Baldwin Cooke Co. v. Keith Clark, Inc.

420 F. Supp. 404, 1976 U.S. Dist. LEXIS 13040
CourtDistrict Court, N.D. Illinois
DecidedSeptember 27, 1976
Docket73 C 1244
StatusPublished
Cited by23 cases

This text of 420 F. Supp. 404 (Baldwin Cooke Co. v. Keith Clark, Inc.) is published on Counsel Stack Legal Research, covering District Court, N.D. Illinois primary law. Counsel Stack provides free access to over 12 million legal documents including statutes, case law, regulations, and constitutions.

Bluebook
Baldwin Cooke Co. v. Keith Clark, Inc., 420 F. Supp. 404, 1976 U.S. Dist. LEXIS 13040 (N.D. Ill. 1976).

Opinion

MEMORANDUM DECISION

MARSHALL, District Judge.

This is the damage aftermath of our decision of June 12, 1974 finding defendant, Keith Clark, Inc., guilty of infringing plaintiff Baldwin Cooke Company’s valid copyrights on its work entitled THE EXECUTIVE PLANNER, a combined diary, appointment calendar and information book. Baldwin Cooke Company v. Keith Clark, Inc., 383 F.Supp. 650 (N.D.Ill.1974), aff’d 505 F.2d 1250 (7th Cir. 1974).

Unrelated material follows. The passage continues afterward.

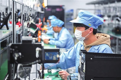 图为2月28日,在高德红外智感科技民品生产线上,工作人员对红外热成像仪进行程序烧录。新华社记者 杜子璇 摄
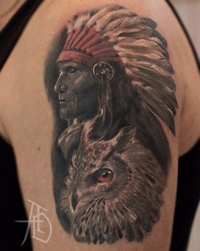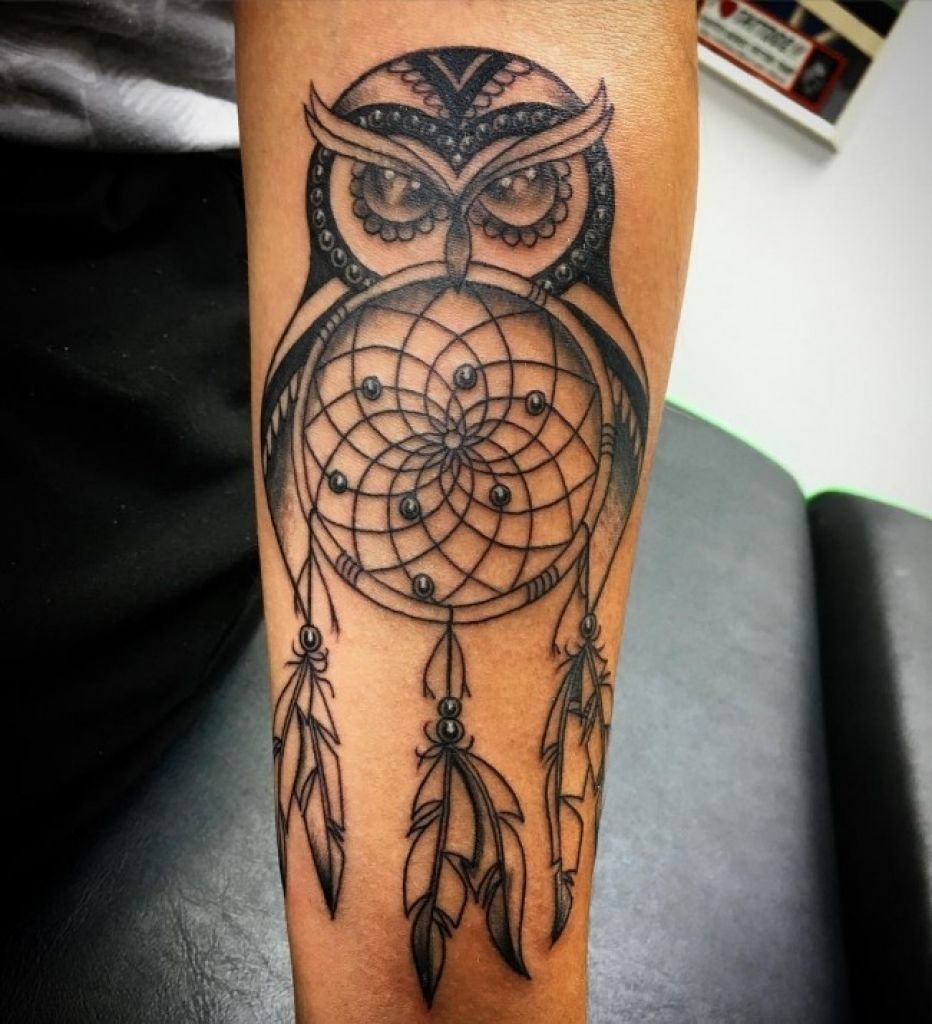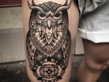 - Coruja com decoração de apanhador de sonhos. Um tipo de desenho igualmente popular que muitos homens escolhem para furar. Essa imagem pode indicar que seu proprietário está procurando a proteção que deseja atrair por meio de uma tatuagem.

Plaintiff seeks recovery of defendant’s profits, damages for lost income during the years of infringement, damages for lost future income from 1975 to 1982, damages to its good will, attorneys’ fees and pre- and postjudgment interest. The following memorandum will stand as our findings and conclusions under Rule 52(a) of the Federal Rules of Civil Procedure.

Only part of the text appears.